Records from a data collection

——————————

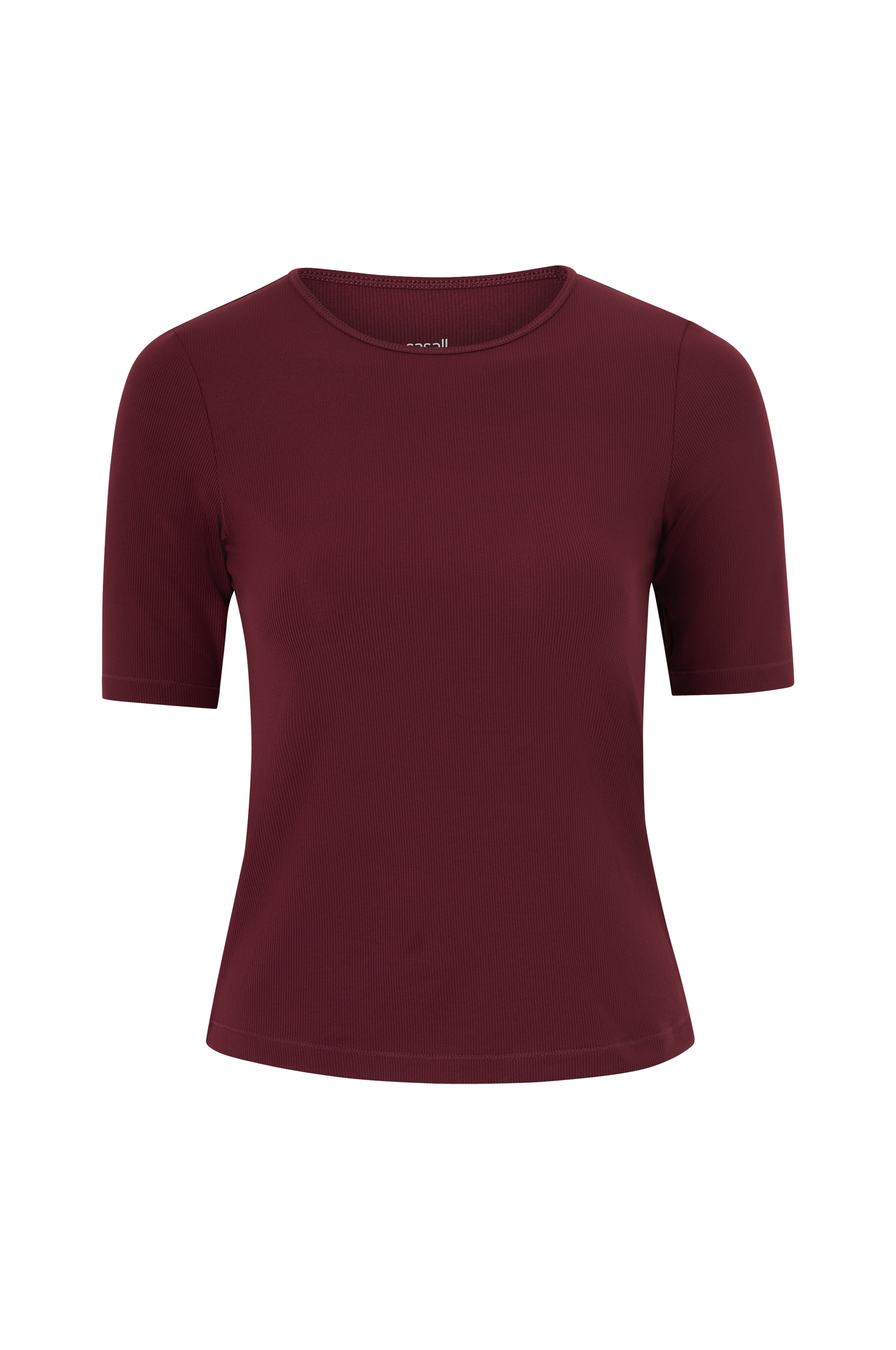 • Stretchy materiale med ribbet struktur• Smal passform• Rund hals• Kort erme
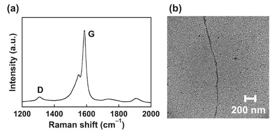 The SWCNT dispersion was investigated using TEM (JEM-1230, accelerating voltage: 80 kV, JEOL Ltd., Tokyo, Japan), scanning electron microscopy (SEM; Quattro ESEM, accelerating voltage: 5 kV, Thermo Fisher Scientific, Waltham, MA, USA), and Raman spectrometry (LabRAM, excitation wavelength: 633 nm, HORIBA Jobin Yvon, Kyoto, Japan).
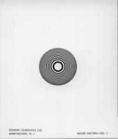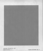 Sold in the mid 1960s alongside the above moiré science book, and then utilized by Wah in his two hero communicators (Alpha and Beta) plus in one of his two tricorders, was the Moiré Experimenter's Kit - Deluxe. Those kits that had Patterns #1 through #8 were called their "Series (A)." It contained eight 4½" x 3¾" Kromokote (a museum-grade semi-gloss white stock) cards, each with a different pattern and a matching transparency. The description in quotes is what Edmund named each. We have provided here scans of all eight cards at 300 dpi resolution. The "Deluxe" version of the kit had thicker transparencies (0.020") than the standard version (0.005"), plus slightly heavier cardstock. |
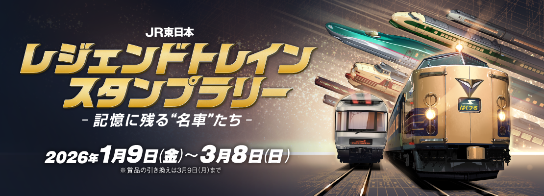 JR東日本は2026年1月9日〜3月8日、「JR東日本 レジェンドトレインスタンプラリー ー記憶に残る“名車”たちー」を実施します。首都圏30駅(JR東日本29駅+東京モノレール1駅)などにスタンプを設置し、まず10駅周遊コース達成後に30駅周遊などへ挑戦でき、30駅達成者は抽選で計600人に「レプリカミニヘッドマーク」などが当たります。対象はミニ周遊10駅(熱海・伊東、甲府・韮崎など)と、青森・仙台・秋田・山形・新潟・長野のワイド6駅も用意され、参加費は無料ですが移動のきっぷやSuica等が必要です。期間中はNewDays等の賞品引換箇所でオリジナル鉄道グッズも販売し、ウォーターズ竹芝や鉄道博物館で特別スタンプ設置、駅ビル等で買い物特典も行います。複数エリアをまたぐ設計により、鉄道ファンだけでなく周遊需要の掘り起こしが進むかが焦点です。
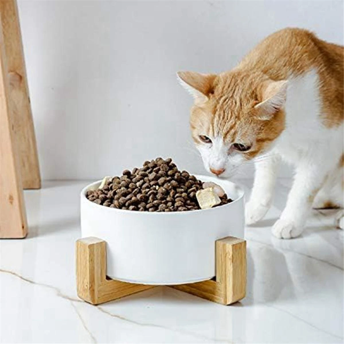 [Reduce Neck Burden] 0.8 inch high wood stand makes pet more comfortable access to get food and water, which promotes the flow of food from the mouth to the stomach and makes swallowing easily.
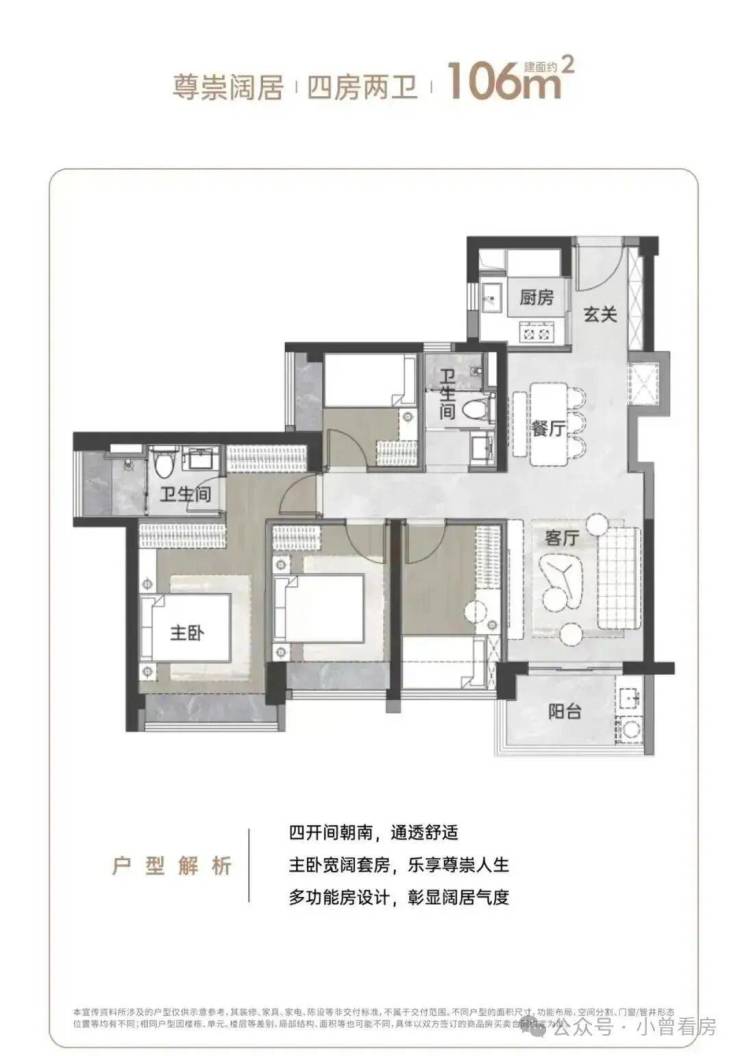 产品面积:约67-106㎡二至四房

——————————

Exercise directions: Leave out the pictures, then give all the records again exactly.

Answer to the exercise:
 • Stretchy materiale med ribbet struktur• Smal passform• Rund hals• Kort erme
 The SWCNT dispersion was investigated using TEM (JEM-1230, accelerating voltage: 80 kV, JEOL Ltd., Tokyo, Japan), scanning electron microscopy (SEM; Quattro ESEM, accelerating voltage: 5 kV, Thermo Fisher Scientific, Waltham, MA, USA), and Raman spectrometry (LabRAM, excitation wavelength: 633 nm, HORIBA Jobin Yvon, Kyoto, Japan).
 Sold in the mid 1960s alongside the above moiré science book, and then utilized by Wah in his two hero communicators (Alpha and Beta) plus in one of his two tricorders, was the Moiré Experimenter's Kit - Deluxe. Those kits that had Patterns #1 through #8 were called their "Series (A)." It contained eight 4½" x 3¾" Kromokote (a museum-grade semi-gloss white stock) cards, each with a different pattern and a matching transparency. The description in quotes is what Edmund named each. We have provided here scans of all eight cards at 300 dpi resolution. The "Deluxe" version of the kit had thicker transparencies (0.020") than the standard version (0.005"), plus slightly heavier cardstock. |
 JR東日本は2026年1月9日〜3月8日、「JR東日本 レジェンドトレインスタンプラリー ー記憶に残る“名車”たちー」を実施します。首都圏30駅(JR東日本29駅+東京モノレール1駅)などにスタンプを設置し、まず10駅周遊コース達成後に30駅周遊などへ挑戦でき、30駅達成者は抽選で計600人に「レプリカミニヘッドマーク」などが当たります。対象はミニ周遊10駅(熱海・伊東、甲府・韮崎など)と、青森・仙台・秋田・山形・新潟・長野のワイド6駅も用意され、参加費は無料ですが移動のきっぷやSuica等が必要です。期間中はNewDays等の賞品引換箇所でオリジナル鉄道グッズも販売し、ウォーターズ竹芝や鉄道博物館で特別スタンプ設置、駅ビル等で買い物特典も行います。複数エリアをまたぐ設計により、鉄道ファンだけでなく周遊需要の掘り起こしが進むかが焦点です。
 [Reduce Neck Burden] 0.8 inch high wood stand makes pet more comfortable access to get food and water, which promotes the flow of food from the mouth to the stomach and makes swallowing easily.
 产品面积:约67-106㎡二至四房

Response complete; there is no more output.